According to comprehensive classification of spine fractures, in 25(50%) patients fracture was type B, in 19(38%) type C and in 6(12%) patients it was type A. The most common level of injury was C5-6 in 21(42%) patients followed by C4-5 in 12(24%) and C 6-7 in 8(16%). In 29(58%) patients, dislocation of the spine was present and axial skull traction was used. Dislocation was successfully reduced in 22(75.9%) patients out of the 29 who had fracture dislocation.
Anterior approach — either ACDF or anterior cervical corpectomy and fusion (ACCF) — was performed in 43(86%) patients. Posterior spinal fusion (PSF) using lateral mass screw fixation and autogenous bone graft was done in 5(10%). Combined surgery was done on 2(4%) patients.
Preoperative neurology based on ASIA grading was E in 23(46%) patents. There was improvement in ASIA grading postoperatively (Table-1).

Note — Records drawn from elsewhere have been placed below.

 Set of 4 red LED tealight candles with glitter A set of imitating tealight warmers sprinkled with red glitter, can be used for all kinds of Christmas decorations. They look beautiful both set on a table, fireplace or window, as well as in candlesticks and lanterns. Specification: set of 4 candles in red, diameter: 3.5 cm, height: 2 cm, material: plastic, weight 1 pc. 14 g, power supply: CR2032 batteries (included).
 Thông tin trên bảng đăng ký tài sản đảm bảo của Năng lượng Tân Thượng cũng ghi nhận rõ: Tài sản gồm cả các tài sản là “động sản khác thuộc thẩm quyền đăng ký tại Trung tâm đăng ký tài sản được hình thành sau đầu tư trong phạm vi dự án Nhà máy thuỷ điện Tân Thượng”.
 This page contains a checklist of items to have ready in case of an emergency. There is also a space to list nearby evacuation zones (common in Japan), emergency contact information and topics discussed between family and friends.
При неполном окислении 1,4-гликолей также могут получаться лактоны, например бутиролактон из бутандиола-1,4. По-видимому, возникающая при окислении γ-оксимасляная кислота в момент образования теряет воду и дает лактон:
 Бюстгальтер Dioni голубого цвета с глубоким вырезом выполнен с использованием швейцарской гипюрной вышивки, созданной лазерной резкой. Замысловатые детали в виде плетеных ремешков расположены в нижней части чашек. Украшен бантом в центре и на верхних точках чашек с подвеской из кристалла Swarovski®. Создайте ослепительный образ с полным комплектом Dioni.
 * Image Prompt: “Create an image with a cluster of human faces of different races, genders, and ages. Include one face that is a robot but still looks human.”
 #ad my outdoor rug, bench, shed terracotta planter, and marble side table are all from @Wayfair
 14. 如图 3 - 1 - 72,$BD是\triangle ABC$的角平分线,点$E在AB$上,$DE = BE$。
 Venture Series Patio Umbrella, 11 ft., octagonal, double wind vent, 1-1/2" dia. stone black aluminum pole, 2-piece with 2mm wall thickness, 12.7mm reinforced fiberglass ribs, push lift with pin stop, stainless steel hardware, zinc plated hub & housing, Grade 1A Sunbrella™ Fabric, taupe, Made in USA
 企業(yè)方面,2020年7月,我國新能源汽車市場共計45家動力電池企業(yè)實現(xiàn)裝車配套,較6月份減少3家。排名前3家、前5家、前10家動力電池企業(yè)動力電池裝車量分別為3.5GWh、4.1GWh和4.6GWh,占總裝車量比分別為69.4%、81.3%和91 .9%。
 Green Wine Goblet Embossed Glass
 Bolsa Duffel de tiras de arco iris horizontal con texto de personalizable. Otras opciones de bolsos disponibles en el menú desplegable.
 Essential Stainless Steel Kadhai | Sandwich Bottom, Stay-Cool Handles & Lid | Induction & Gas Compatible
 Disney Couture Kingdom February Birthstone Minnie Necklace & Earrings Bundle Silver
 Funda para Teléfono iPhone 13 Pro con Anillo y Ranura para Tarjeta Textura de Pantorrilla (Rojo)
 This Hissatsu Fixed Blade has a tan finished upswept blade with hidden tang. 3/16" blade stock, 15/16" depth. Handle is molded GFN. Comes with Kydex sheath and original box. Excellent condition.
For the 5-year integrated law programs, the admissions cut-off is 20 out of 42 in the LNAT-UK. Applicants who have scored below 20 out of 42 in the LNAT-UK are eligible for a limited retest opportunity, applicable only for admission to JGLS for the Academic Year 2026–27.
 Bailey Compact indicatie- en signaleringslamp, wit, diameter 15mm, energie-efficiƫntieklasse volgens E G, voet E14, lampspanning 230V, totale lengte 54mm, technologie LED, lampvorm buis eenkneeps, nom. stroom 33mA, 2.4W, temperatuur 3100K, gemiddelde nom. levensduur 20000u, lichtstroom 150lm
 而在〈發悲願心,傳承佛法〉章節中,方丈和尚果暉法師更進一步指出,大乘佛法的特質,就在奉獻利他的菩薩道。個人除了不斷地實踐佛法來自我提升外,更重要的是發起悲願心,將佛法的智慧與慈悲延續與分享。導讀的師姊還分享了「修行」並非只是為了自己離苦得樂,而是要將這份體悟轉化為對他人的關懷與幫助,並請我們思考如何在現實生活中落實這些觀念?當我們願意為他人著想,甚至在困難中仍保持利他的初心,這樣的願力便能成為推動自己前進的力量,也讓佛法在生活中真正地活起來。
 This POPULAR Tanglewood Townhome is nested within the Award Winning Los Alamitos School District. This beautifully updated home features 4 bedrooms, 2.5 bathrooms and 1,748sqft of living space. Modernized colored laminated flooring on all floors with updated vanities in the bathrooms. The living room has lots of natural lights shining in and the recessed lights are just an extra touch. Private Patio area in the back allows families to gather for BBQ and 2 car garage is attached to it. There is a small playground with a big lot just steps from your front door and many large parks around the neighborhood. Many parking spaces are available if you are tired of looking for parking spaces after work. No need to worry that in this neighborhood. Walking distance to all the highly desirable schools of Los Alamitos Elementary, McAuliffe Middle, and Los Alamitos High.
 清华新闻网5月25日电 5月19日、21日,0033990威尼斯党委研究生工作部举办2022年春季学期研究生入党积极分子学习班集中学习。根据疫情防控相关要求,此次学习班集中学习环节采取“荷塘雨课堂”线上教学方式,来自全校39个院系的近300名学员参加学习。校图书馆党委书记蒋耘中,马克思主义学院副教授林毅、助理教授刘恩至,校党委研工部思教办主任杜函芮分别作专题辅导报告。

Mean postoperative VAS was 2.9±1.5 (range: 1-7) at last follow-up. Only 9(18%) patients were with VAS 5 or above. Mean NDI was 10.9±5.2 (range:4-26). In 10(20%) patients, NDI scoring was not possible due to neurological status of the patients. Overall, 30(60%) patients were with minimal disability, with NDI between 5 and 14 (Table-2).

The most common complication was dysphagia In 12(24%) patients. There was no wound infection, no implant-related complication, and no postoperative deterioration in neurology.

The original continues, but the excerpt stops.